───── Recorded information ─────

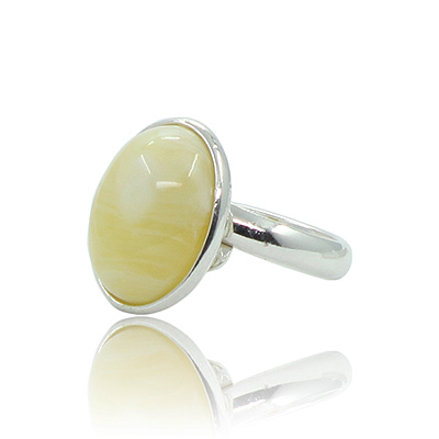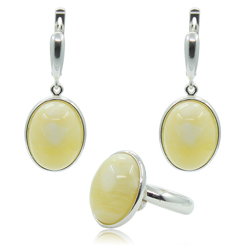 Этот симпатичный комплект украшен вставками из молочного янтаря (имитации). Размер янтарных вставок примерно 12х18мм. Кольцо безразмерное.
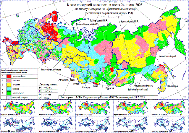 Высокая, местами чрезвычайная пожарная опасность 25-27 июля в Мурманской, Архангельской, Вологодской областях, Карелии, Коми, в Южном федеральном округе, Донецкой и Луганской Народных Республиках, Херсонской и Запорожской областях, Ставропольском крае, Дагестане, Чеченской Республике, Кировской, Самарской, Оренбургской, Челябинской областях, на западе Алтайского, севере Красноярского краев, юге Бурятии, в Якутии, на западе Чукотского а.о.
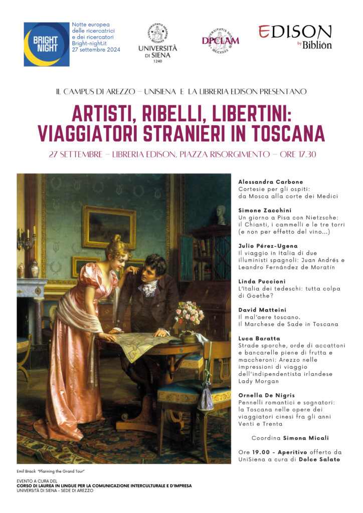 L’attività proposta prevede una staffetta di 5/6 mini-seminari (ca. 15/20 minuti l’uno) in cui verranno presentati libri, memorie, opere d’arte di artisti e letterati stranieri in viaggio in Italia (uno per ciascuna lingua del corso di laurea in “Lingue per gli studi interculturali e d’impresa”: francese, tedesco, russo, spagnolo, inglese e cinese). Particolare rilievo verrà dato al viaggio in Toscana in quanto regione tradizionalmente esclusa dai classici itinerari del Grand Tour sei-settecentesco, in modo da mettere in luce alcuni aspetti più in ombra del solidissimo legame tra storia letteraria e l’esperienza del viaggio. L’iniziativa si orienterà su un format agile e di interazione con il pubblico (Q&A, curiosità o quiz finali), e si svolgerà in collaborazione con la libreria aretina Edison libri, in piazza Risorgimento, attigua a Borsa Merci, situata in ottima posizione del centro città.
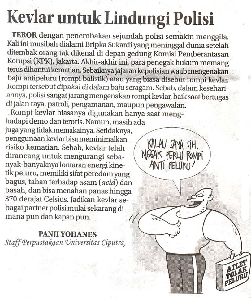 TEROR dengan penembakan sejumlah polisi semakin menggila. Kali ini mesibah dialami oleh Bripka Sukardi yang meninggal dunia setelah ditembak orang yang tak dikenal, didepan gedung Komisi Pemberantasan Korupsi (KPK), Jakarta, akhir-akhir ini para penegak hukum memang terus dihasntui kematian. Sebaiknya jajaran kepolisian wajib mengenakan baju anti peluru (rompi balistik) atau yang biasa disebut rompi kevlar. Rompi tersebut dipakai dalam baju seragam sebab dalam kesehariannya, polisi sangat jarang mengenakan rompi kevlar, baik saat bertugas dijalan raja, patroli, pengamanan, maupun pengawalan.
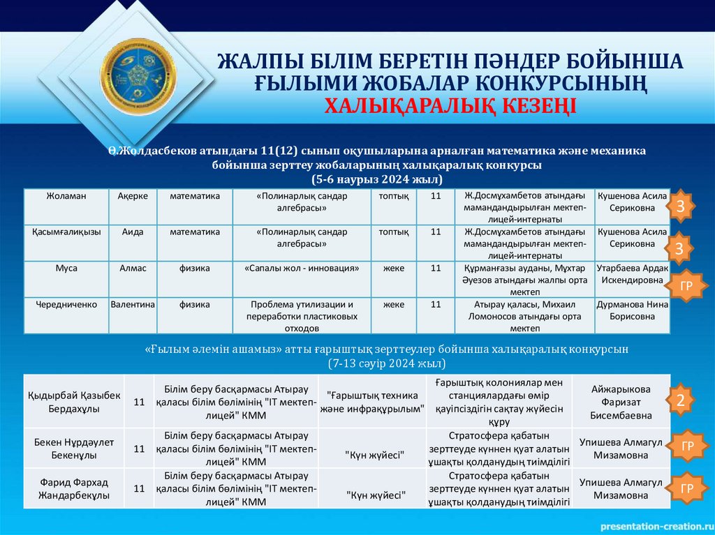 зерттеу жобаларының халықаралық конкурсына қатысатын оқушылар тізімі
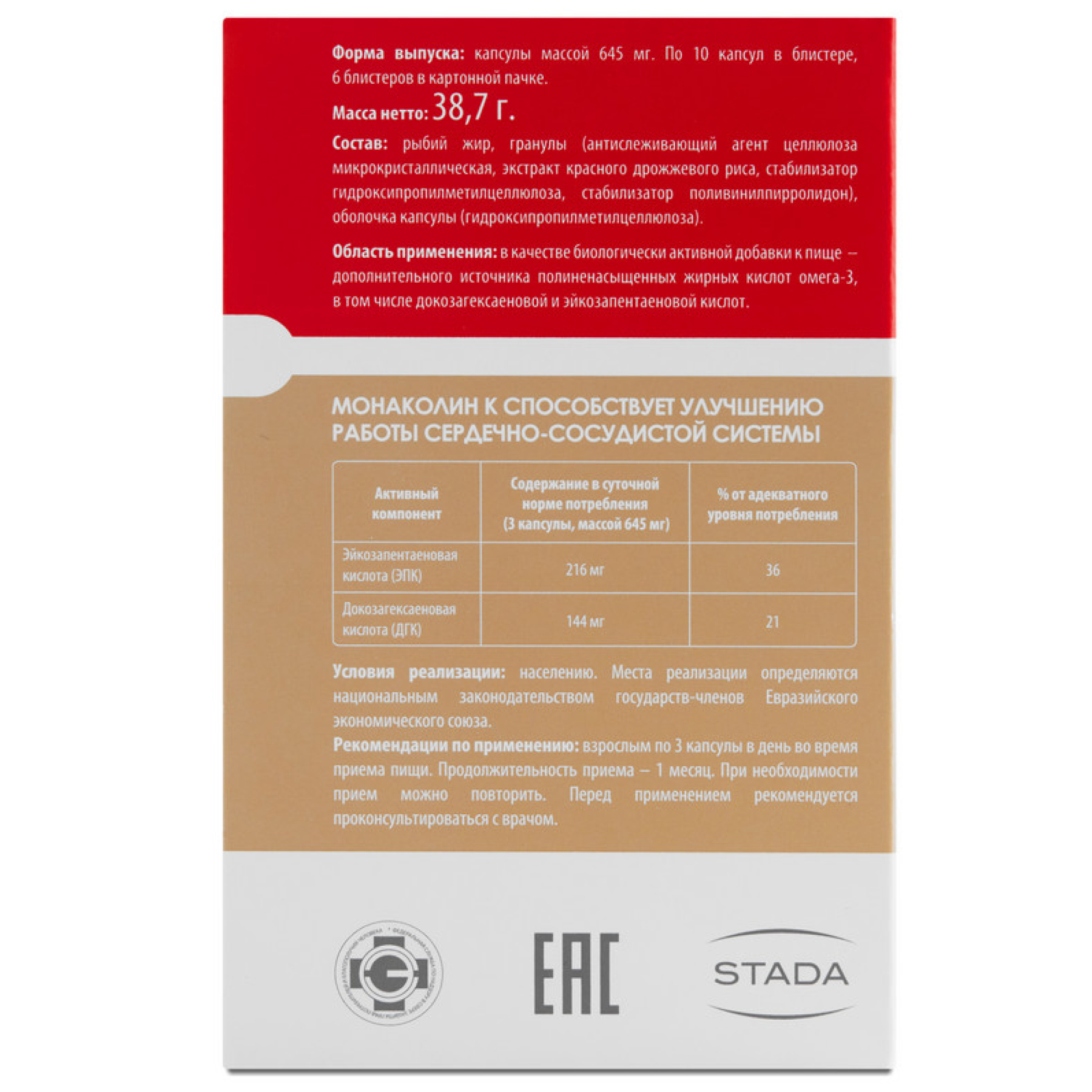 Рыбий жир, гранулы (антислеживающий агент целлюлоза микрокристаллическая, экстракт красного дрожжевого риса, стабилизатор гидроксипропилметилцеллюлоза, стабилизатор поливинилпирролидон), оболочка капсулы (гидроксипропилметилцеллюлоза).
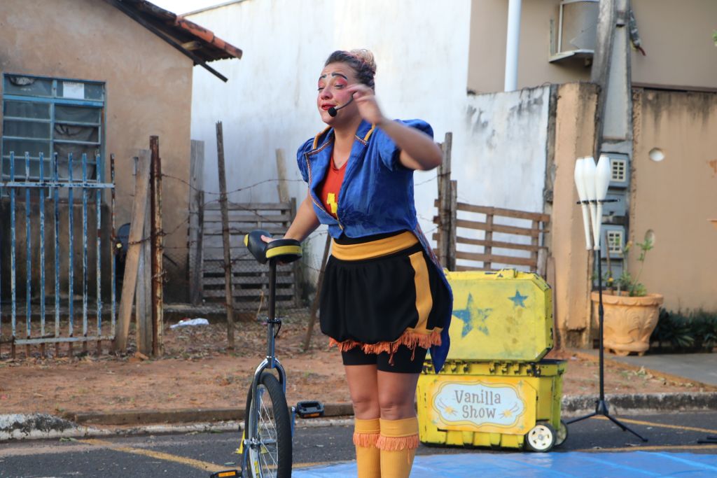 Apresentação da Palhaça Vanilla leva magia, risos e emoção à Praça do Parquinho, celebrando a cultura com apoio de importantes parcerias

─────
───── Recorded information ─────

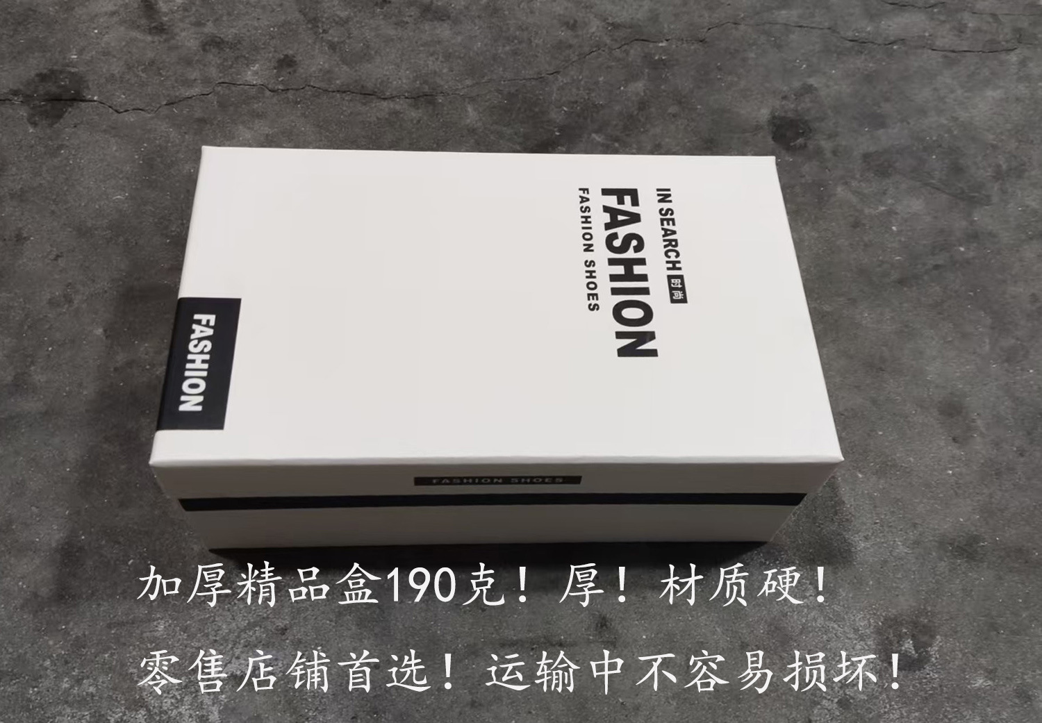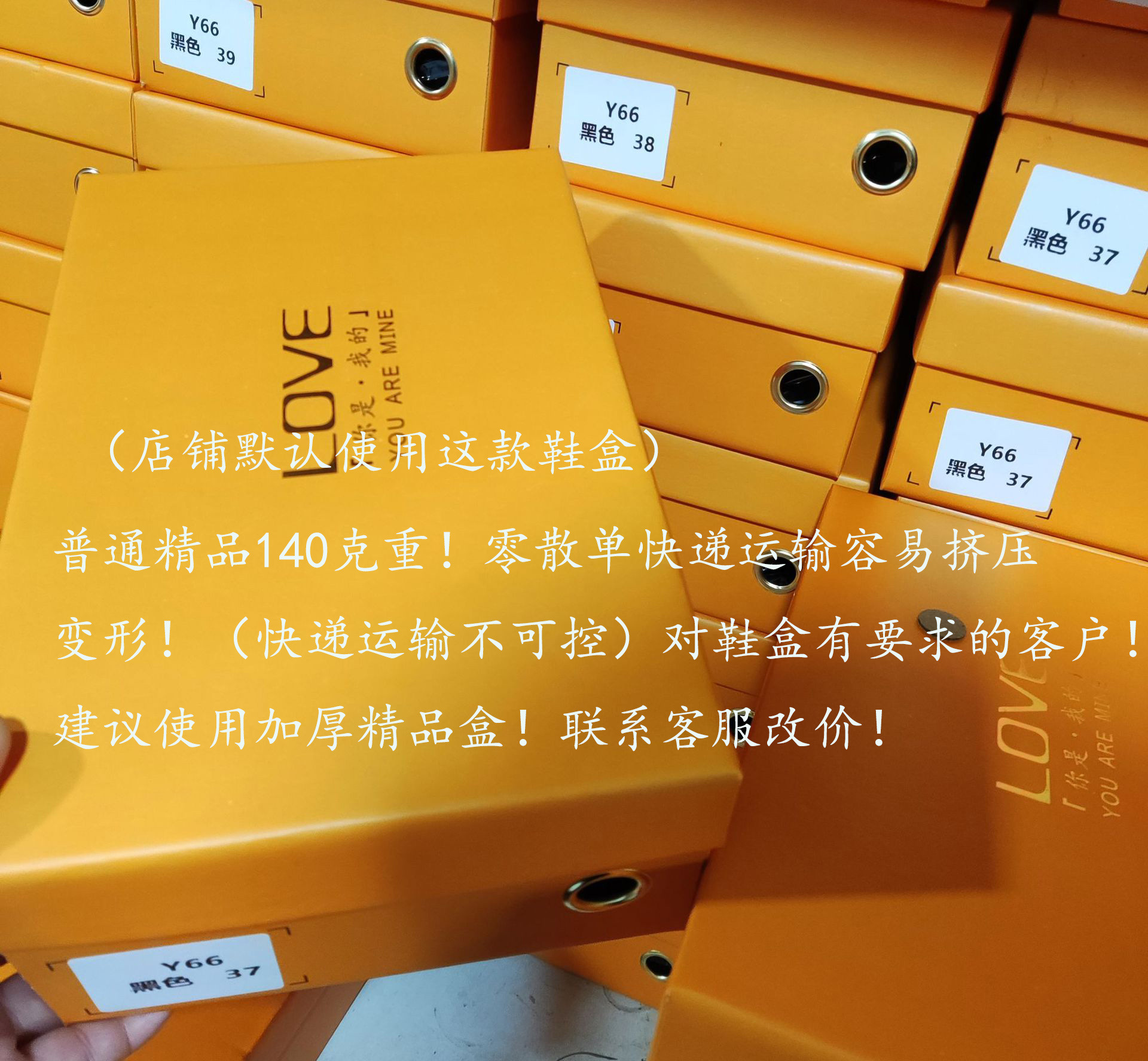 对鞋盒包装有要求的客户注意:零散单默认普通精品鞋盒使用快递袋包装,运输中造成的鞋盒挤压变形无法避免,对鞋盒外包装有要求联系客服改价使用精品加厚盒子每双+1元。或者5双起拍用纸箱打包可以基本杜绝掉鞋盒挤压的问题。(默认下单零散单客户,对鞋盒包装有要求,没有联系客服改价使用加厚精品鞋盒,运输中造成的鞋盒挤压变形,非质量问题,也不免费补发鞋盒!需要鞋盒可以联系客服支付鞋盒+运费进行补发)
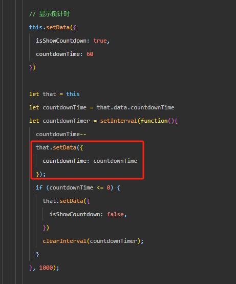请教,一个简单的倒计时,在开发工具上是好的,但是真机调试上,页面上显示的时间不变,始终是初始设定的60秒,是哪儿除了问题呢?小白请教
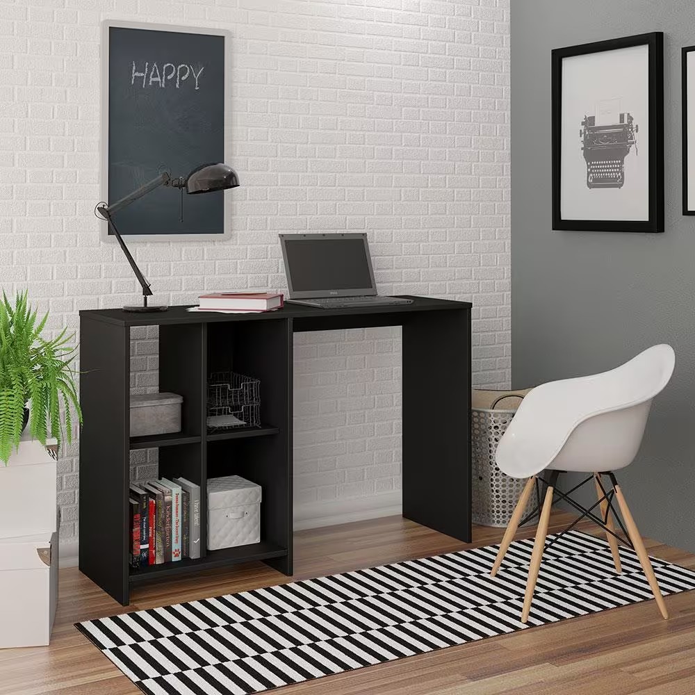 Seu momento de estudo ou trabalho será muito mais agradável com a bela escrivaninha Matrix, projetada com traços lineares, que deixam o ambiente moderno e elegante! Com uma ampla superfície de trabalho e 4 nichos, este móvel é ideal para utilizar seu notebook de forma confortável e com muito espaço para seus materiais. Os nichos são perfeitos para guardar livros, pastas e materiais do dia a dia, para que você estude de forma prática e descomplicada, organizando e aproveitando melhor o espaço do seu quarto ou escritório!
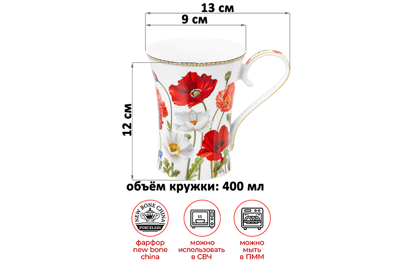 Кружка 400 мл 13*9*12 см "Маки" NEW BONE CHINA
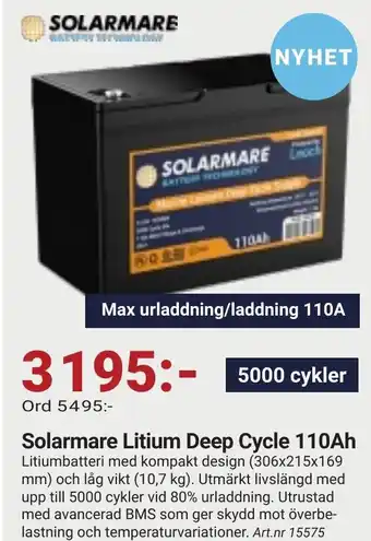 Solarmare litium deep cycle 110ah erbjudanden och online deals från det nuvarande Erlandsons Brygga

─────

• _The task_:
From the records above, copy only the lines running from the line holding "Рыбий жир, гранулы" through the line holding "Apresentação da Palhaça", with no pictures.

• _Answer below_:
 Рыбий жир, гранулы (антислеживающий агент целлюлоза микрокристаллическая, экстракт красного дрожжевого риса, стабилизатор гидроксипропилметилцеллюлоза, стабилизатор поливинилпирролидон), оболочка капсулы (гидроксипропилметилцеллюлоза).
 Apresentação da Palhaça Vanilla leva magia, risos e emoção à Praça do Parquinho, celebrando a cultura com apoio de importantes parcerias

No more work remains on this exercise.